Como apuntó Martín Tanaka, hasta ahora el gobierno se había mantenido en el poder “a cambio de prebendas o negociaciones particularistas, cuyos costos para el país son cada vez más grandes y notorios”. De este modo, y en las últimas décadas, el Perú se ha dotado de un peculiar sistema político, donde el Poder Legislativo tiene un poder desmedido y su capacidad de chantajear al Ejecutivo es amplia, invocando la posibilidad de “vacar” al presidente o no dar la confianza a los miembros de su gabinete.
Al mismo tiempo, el presidente podía amenazar con disolver el Congreso impulsando mociones de confianza. De esa manera se entra en un juego perverso, donde conviven todos los defectos del presidencialismo con todos los males del sistema parlamentario.
Pese al dramatismo del momento, los mecanismos sucesorios funcionaron con una cierta normalidad y la vicepresidenta Dina Boluarte se hizo cargo de la jefatura del Estado. Sus primeras declaraciones intentaron tranquilizar a una opinión pública bastante alterada por lo ocurrido y el prolongado período de inestabilidad que se había vivido en los últimos 18 meses.
En pocos días hizo público su gabinete, con igual número de hombres y mujeres, y de un perfil centrado y mayoritariamente tecnocrático. Salvo algún caso aislado, los nuevos ministros llegaban al cargo libres de acusaciones de corrupción, manejos políticos turbios o algún otro delito que pudiera enturbiar su gestión.
Son muchos los que en este momento piensan en unas elecciones anticipadas como el mejor mecanismo para salir de la profunda crisis política en que está sumido el país. A la vista de lo ocurrido en los años recientes, con un sistema de partidos prácticamente inexistente, con constantes denuncias de corrupción que afectan tanto a políticos como a jueces y empresarios, con parlamentos altamente fragmentados y presidentes incapacitados de ejercer de forma responsable sus mandatos por el fuego cruzado que reciben de cualquier reducto de poder, no está claro que unos nuevos comicios sean la mejor solución.

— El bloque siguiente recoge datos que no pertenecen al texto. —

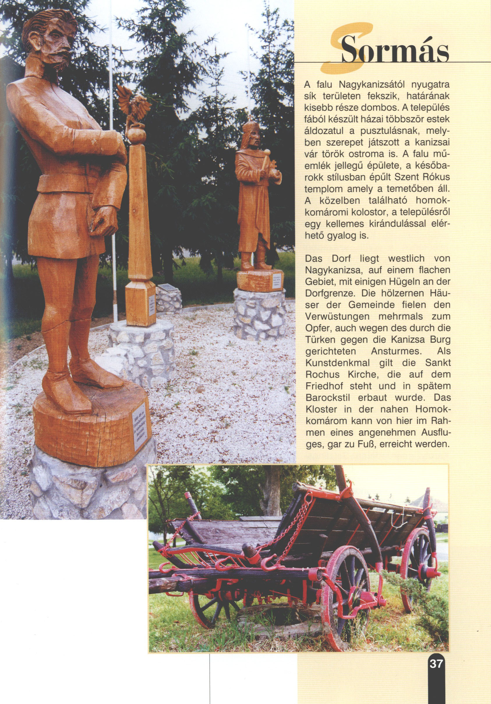 Nyilvános 2236 | 7813 | Sormás | Das Dorf liegt westlich von Nagykanizsa, auf einem flachen Gebiet, mit einigen Hügeln an der Dorfgrenze. Die hölzernen Häuser der Gemeinde fielen den Verwüstungen mehrmals zum Opfer, auch wegen des durch die Türken gegen die Kanizsa Burg gerichteten Ansturmes. Als Kunstdenkmal gilt die Sankt Rochus Kirche, die auf dem Friedhof steht und in spätem Barockstil erbaut wurde. Das Kloster in der nahen Homokkomárom kann von hier im Rahmen eines angenehmen Ausfluges, gar zu Fuß, erreicht werden. Dieses Text stammt von: Titel: Hívogató a Régiók Kapujában - Útikönyv Látnivalók Nagykanizsán és Térségében (Einladend in dem Tor des Gebiets - Reisebuch - Sehenswürdigkeiten in Nagykanizsa und Umgebung) Herausgegeben von: Nagykanizsa és a Környező Települések Területfejlesztési Társulása (Verein für Gebietsentwicklung in Nagykanizsa und in ihrer Umgebung) 8800 Nagykanizsa, Petőfi Sándor út 5. Tel.: 06 93/536-453 • 06 93/536-454 Tel ./Fax: 06 93/326-323 E-mail: terstars@axelero.hu www.kanizsaterseg.celodin.hu |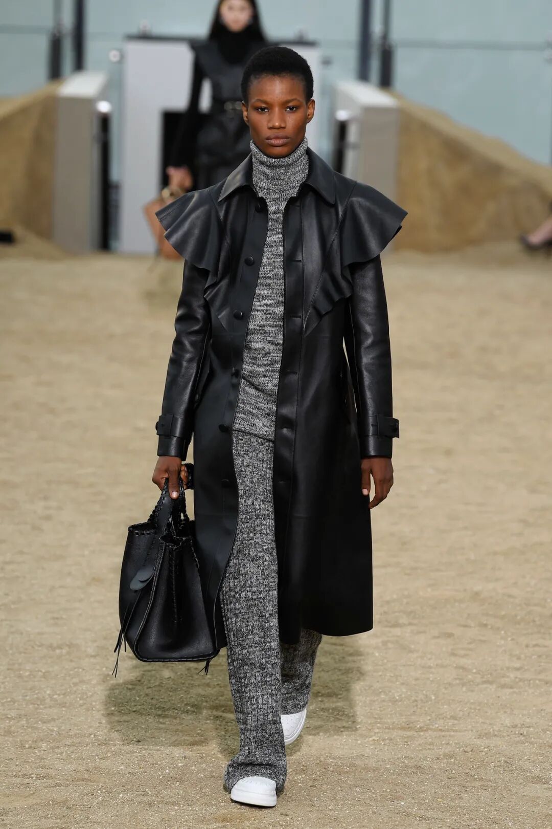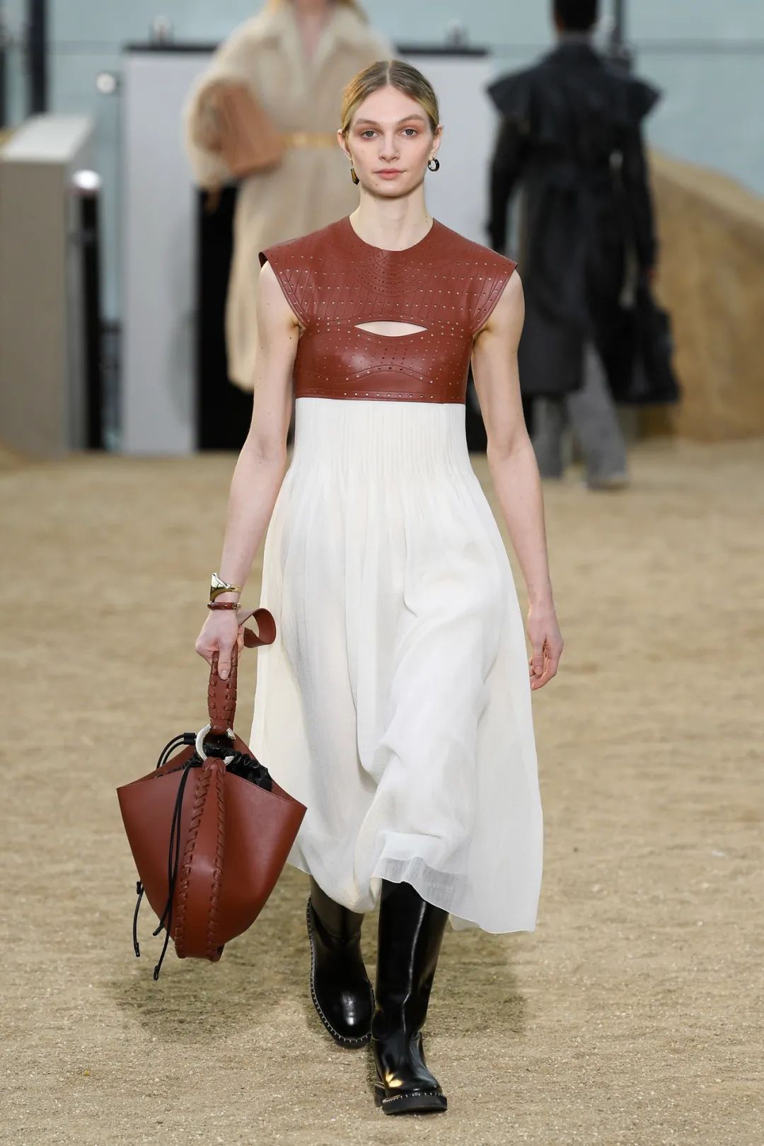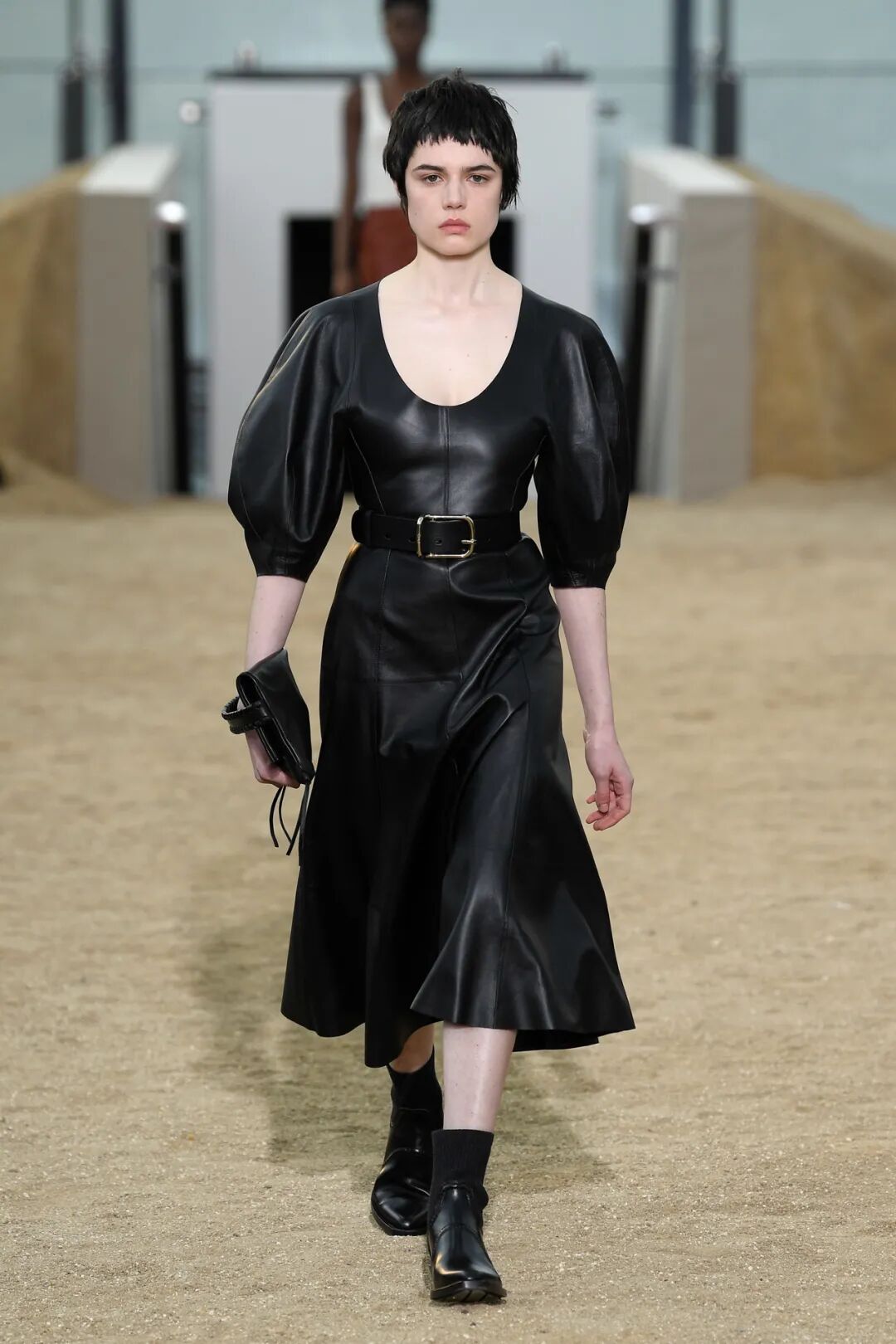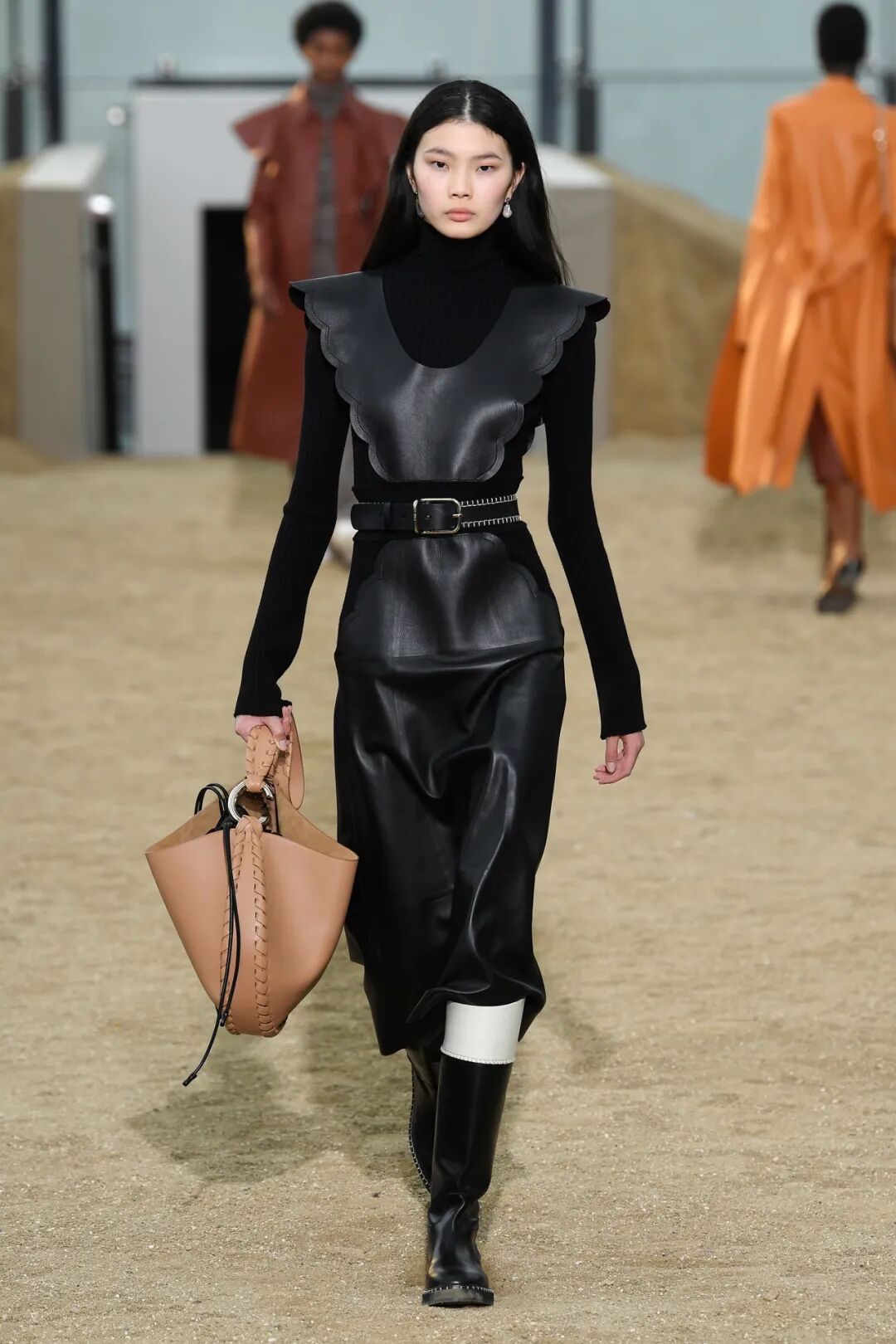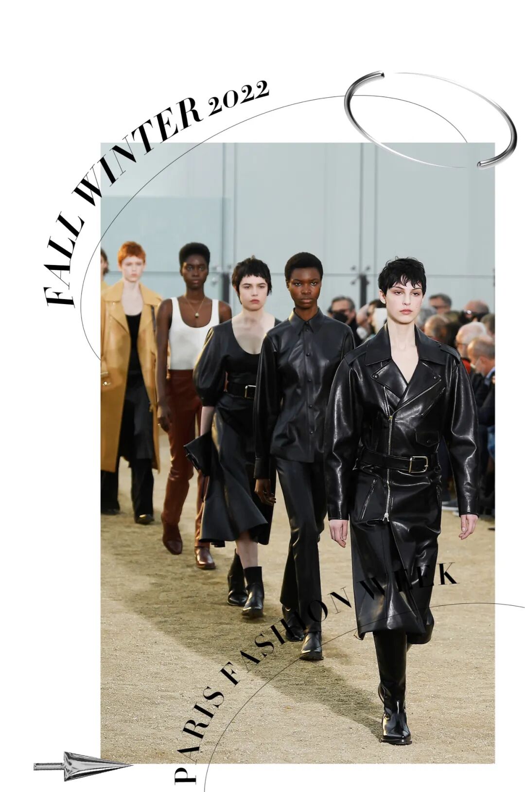 许多语境里的“回归”都是美好的,关于自然也不例外。当植被重新覆盖大地、海洋和天空回归原有的色彩,让自然以自有方式塑造陆地和海洋……赋予自然尽可能多的自由,美好广阔的世界就能在此呈现。Chloé 于3月3日发布的2022秋冬系列就描绘了这样一幅图景,品牌创意总监Gabriela Hearst认为,尽管人们对气候危机的概念都十分了解,但在这一问题上仍然需要更多人携力共进,同时视觉宣传也必不可少。将自然归还自然,品牌着眼于这种叫作“Rewilding野化”的气候解决方案,并在新系列中呈现:Hearst用回收的羊绒针织毛衣和裙子做了这件事,时装的正面是融化的冰川、干旱和燃烧的景观,背面是绿色山脉、森林和北极熊。她相信,只要人类能够想象,我们就能实现。系列以黑色、暖橘、暗红、深蓝等质感沉稳高级的色彩为主,它们源于Hearst绘制的一幅画作,融于优雅的法兰西格调,和秋冬日的氛围相辅相成。本季的美学设计还借鉴了意大利导演Franco Zeffirelli执导的电影《太阳神父月亮修女》(1973),其中记录了生态学家的守护神——阿西西的圣弗朗西斯的生平事迹。整部电影画面达到了胶片写实摄影的巅峰,关于田园的画面如诗般美好,我们也可以在此隐约看见系列中简约的风格以及色彩基调。发布现场铺满了沙砾,在还原“大地”质朴自然的气氛中,Chloé女孩们在这里展示着新系列去除修饰、真实踏地的美。剪裁利落的皮革造型、率性大方的质感大衣、软糯温暖的羊绒与针织、时髦的西服套装……本季实穿大方的造型不但突显出女性线条美,还运用巧思对其进行美化,率性且兼备优雅气质。作为IT bag制造机的Gabriela Hearst在这一季中还呈现了许多精美包袋。不管你是偏爱浪漫的少女,还是干练的都市女性,大概都会无一例外地挑花眼~硬朗的皮革元素是本系列前半部分的常客,当它们和本该优雅的收腰衬衣、泡泡袖连衣裙结合后就带着点玩味的俏皮酷感,是质感上乘的All Black造型巧思。与许多环保理念设计师不同的是,在皮革的使用方面,GabrielaHearst并没有采用“纯素皮革”或其任何替代品,而是真正的光滑皮革。Hearst认为皮革是肉类工业的副产品,她选取的皮革鞣制工艺符合欧洲环境标准,相比人造皮革更加绿色环保。皮革也不一定指代着冷酷,加入暖色系更能焕发不一样的活力,多种层次的橘和黄与细腻皮革材质的结合下更加契合秋冬氛围。肩部荷叶边是皮革面料单品的一抹甜,与软糯的针织面料搭配更显柔美气质,甜美和率性可以兼得,也为更多轻熟少女提供穿衣思路。

Téngase en cuenta que estos vicios seguirán afectando al nuevo Congreso y al nuevo presidente, con independencia de su filiación política. Dará igual si son de izquierdas o de derechas, los problemas de ingobernabilidad seguirán siendo los mismos. Por eso, dado el actual momento de interinidad, la ocasión se presta para que el gobierno de Boluarte impulse una profunda reforma del sistema político y electoral antes de convocar a nuevas elecciones.